The connection between academics and campus involvement may seem tenuous, but Hunter credits the first-year Arts One program for shaping the bulk of his undergraduate experience.

“Arts One has actually had a huge effect,” he says. “It made me a lot more aware of how History is conducted beyond the BA level, and propelled me in the direction of the Honours program. But, in a way, it also got me into the whole area of student leadership too.”

While completing his third year, Hunter was convinced by a fellow Arts One graduate to volunteer as an Orientations Squad Leader. The experience proved transformational; Hunter discovered his passion for working with new students and My Undergraduate Group (MUG) leaders.

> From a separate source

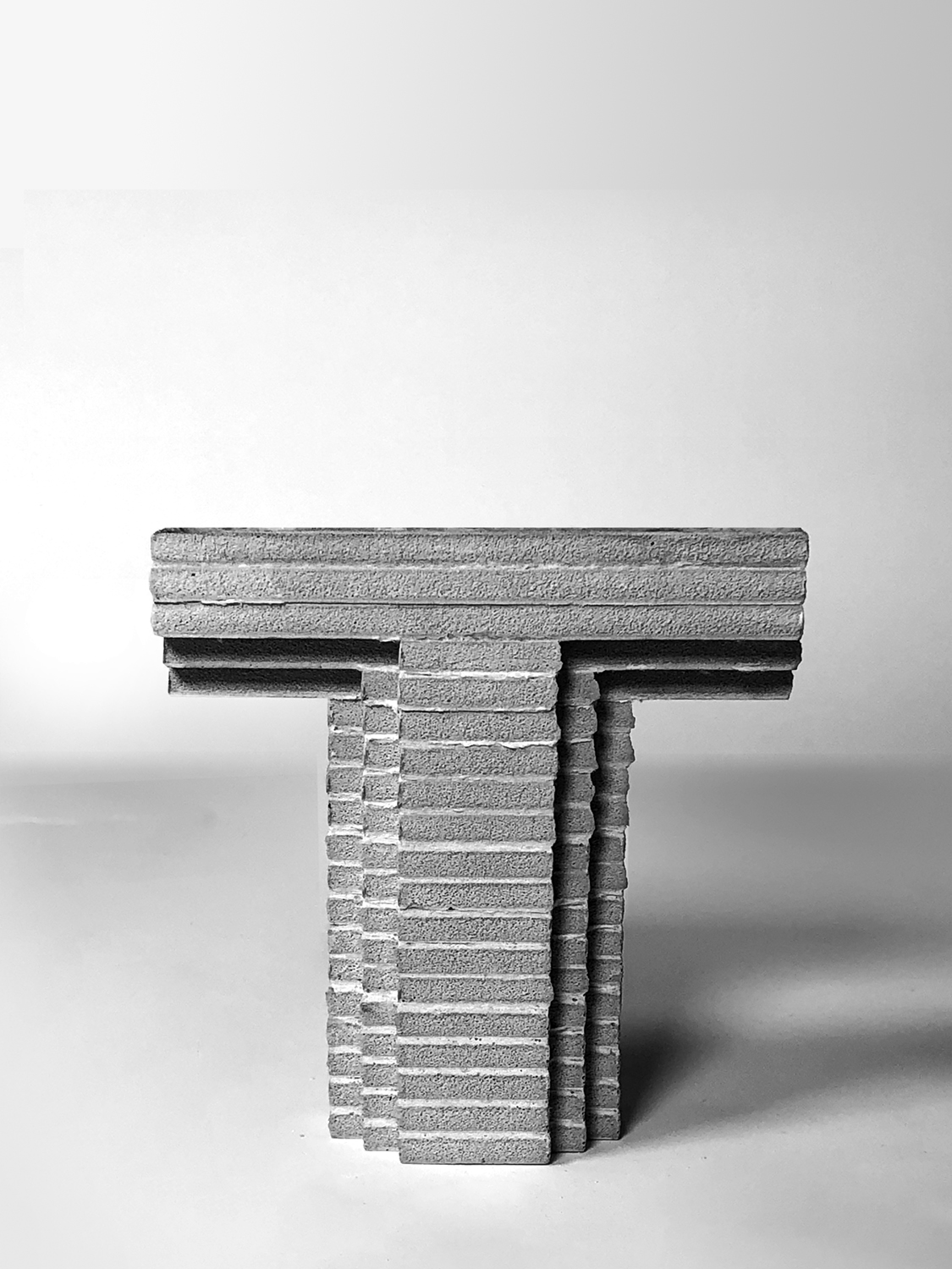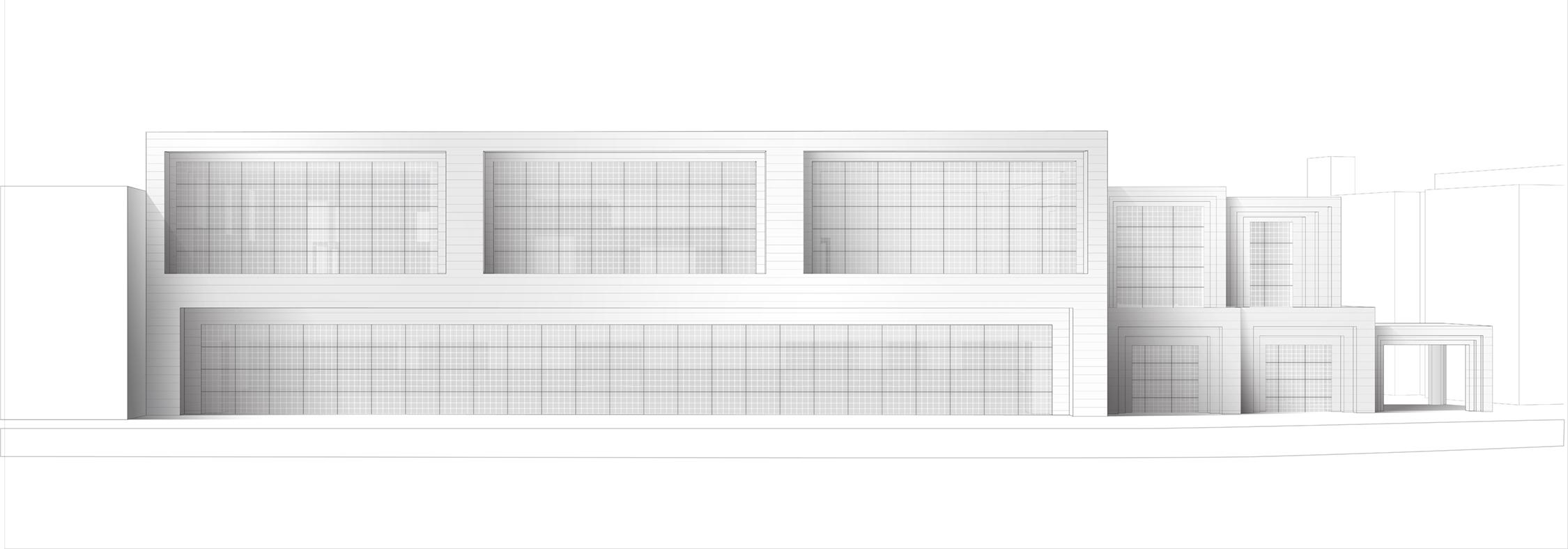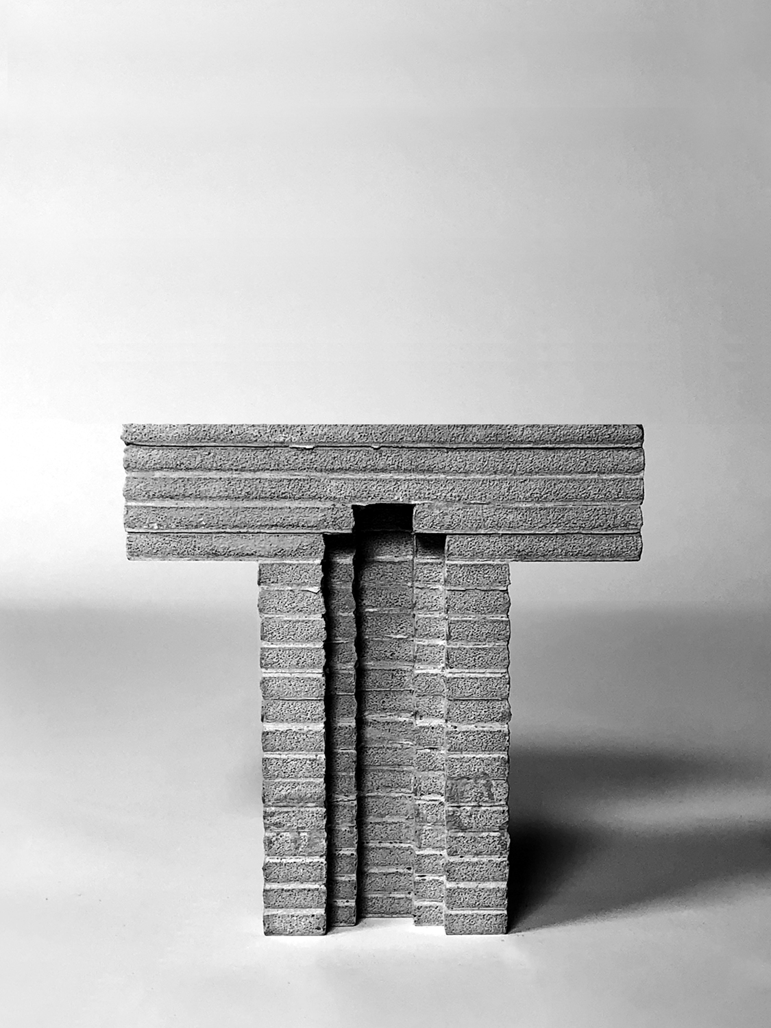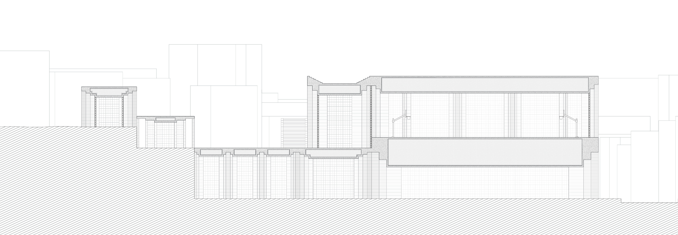The urban sport shed is a particularly pragmatic situation that requires the creation of various environments, both interior and exterior, containing relatively homogenous functions. Beginning with a spatial bay, scaling up to long span and scaling down to occupation and ground, the limits of the original form are pushed to cater to layered program, and a triangular site. Designed like a series of nested tables, the varying density and size of the stepped legs create spaces encouraging interaction with the site and architecture. To further explore the impact of using both delicate and imposing features, layered glass brick infill act as the partitions between different bays, allowing for privacy or transparency when needed, but with a constant distortion of image, pixelated by the square panes.

“It gave me a blast of school spirit in a way that I hadn’t had before,” Hunter recalls. “So come September, I thought, ‘Why not try to get more involved?’ So I ended up getting on the University and External Relations Committee as a student-at-large of the AMS.”

The dive into student politics allowed Hunter to witness the AMS’ approach to negotiating with UBC, the government, and TransLink. Fascinated by this new knowledge, he resolved to take his commitment to student politics further.

“AMS is surprisingly serious overall. But it’s really pushed me to try to stand up for students’ rights,” Hunter says. “Student politics accomplishes a remarkable amount, and no one really gives it the credit it deserves. Stuff like the U-Pass Program, the honorary degrees that just happened recently for Japanese-Canadian UBC students [who were sent to internment camps during World War II] – all of that was pushed by students. And I cannot say enough just how important that is, how important it is to be engaged.”

The juggling act between student politics and academics, of course, has not been easy.

“It’s a very, very fine line. But having said that, I’ve also figured out ways to study more effectively,” says Hunter. “The biggest thing I’ve started doing this past year is getting a calendar and making to-do lists on it. So while I don’t have as much time to delve as deeply into my studies as I wish, it’s given me a way to accomplish everything I set my mind to. And that’s really helped me organize my life: to-do lists. I sound like a crotchety old man when I’m saying that, but it really works.

Looking back, Hunter says his only regret is not participating sooner. His role in student politics has helped clarify his future pursuits – which may include a degree in either international studies or international justice. Hunter plans on using his fifth year to engage more deeply with the university community, and urges other Arts students to do the same.

“If I hadn’t done Orientations, there’s a good chance that I wouldn’t have gotten involved in politics. It’s really given me the idea that students can get engaged, later on in their degree,” he says. “You don’t necessarily have to dive into everything at once, but just try to be engaged in something that you’re interested in. It’s not worth going through university and not caring about anything. So even if you don’t feel like you have a lot of experience in the area, just go for it.”